My wife has children in British Columbia and California. I have children in New York, Vermont, and a dot on the map of Central Pennsylvania that sounds more like the name of a school than the name of a town.

We also have siblings. Mine are in Dallas and Denver. My wife’s are in Houston and various parts of California.

Exes are part of the mix. So are in-laws.

Therefore: My wife is heading in one direction this week to be with her daughter and her sister. I’m heading in another direction to visit friends while my children spend Christmas with their mother and the in-laws.

Then, my children and I rendezvous in New York and fly west to see my sisters. After that we return to JFK, pick up my wife at LGA, and spend New Year’s Eve in NYC.

When friends inquire about my holiday plans I can tell that my synopsis of all these comings and goings makes them sorry they asked.

Except, maybe, the ones who aren’t going anywhere and feel totally vindicated.

If it were only the year-end holidays that had us dashing to and fro we could probably cope. But already we’re trying to figure out where and when we can see our families in the year ahead.

The number of moving parts involved calls to mind the New Yorker cartoon – now the title of a book — where the business exec is trying to arrange a mutually convenient time for a meeting.

“No, Thursday’s out,” he says on the phone. “How about never – is never good for you?”

Never is not good for us. We’re one of those freakish families that actually enjoy each other’s company. Or is this more common than is commonly thought?

The trope of the dysfunctional family was a necessary corrective to the idealizations of old movies and Norman Rockwell paintings. But not every family get-together is a demolition derby, either.

In the case of my own clan, the challenges are more logistical and budgetary than emotional.

Things were simpler when my parents were alive. Once their traveling days were behind them, the default holiday move was to gather at their place. Their proximity to Florida beaches was a pretty good sweetener.

That, it must be said, was before exes and in-laws, so things would have gotten complicated in any case.
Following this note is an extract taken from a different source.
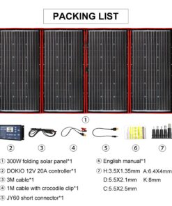 5) 300 watt camping solar panel – Unfolded size (LxW) 216x104cm; folded size (LxW) 104x54cm; weight 7.1kg; maximum power point current 16.67A.

To get to really simpler times we’d have to go back to when I was a kid. In those days, visiting the relatives at holiday time was a matter of crossing the Throgs Neck Bridge from Queens to the Bronx. (As a future editor I thought for certain that Throgs Neck was an egregious misspelling of Frogs Neck.)

In my family, the great spreading out began 40 years ago this week. On Christmas Eve, 1975, my crazy parents loaded up a burnt-orange Chevy wagon and fled disintegrating New York with their son, a December college graduate, as co-pilot.

The trip west was epic: High winds shredded the roof tarp in Joliet, Illinois, where I showed my wide-eyed parents a ditch that sheltered me for a few hours during my hitchhiking days.

A tire blew out in Colorado Springs. The Chevy balked at 8 below in Flagstaff, Arizona.

We have pictures of us on the rim of the Grand Canyon. We look cold.

In California, my parents briefly panicked. What had they done? They were middle-aged, middle-class people. Now they were homeless, jobless, and friendless.

They squared their shoulders and settled in. So did I. One of my sisters had already moved to Denver. The other one soon joined her. We’ve been hopping on and off airplanes at holiday time ever since.

Fortunately, air travel has gotten a lot better.

Hahaha, as Dave Barry would say. It has, in fact, gotten way worse.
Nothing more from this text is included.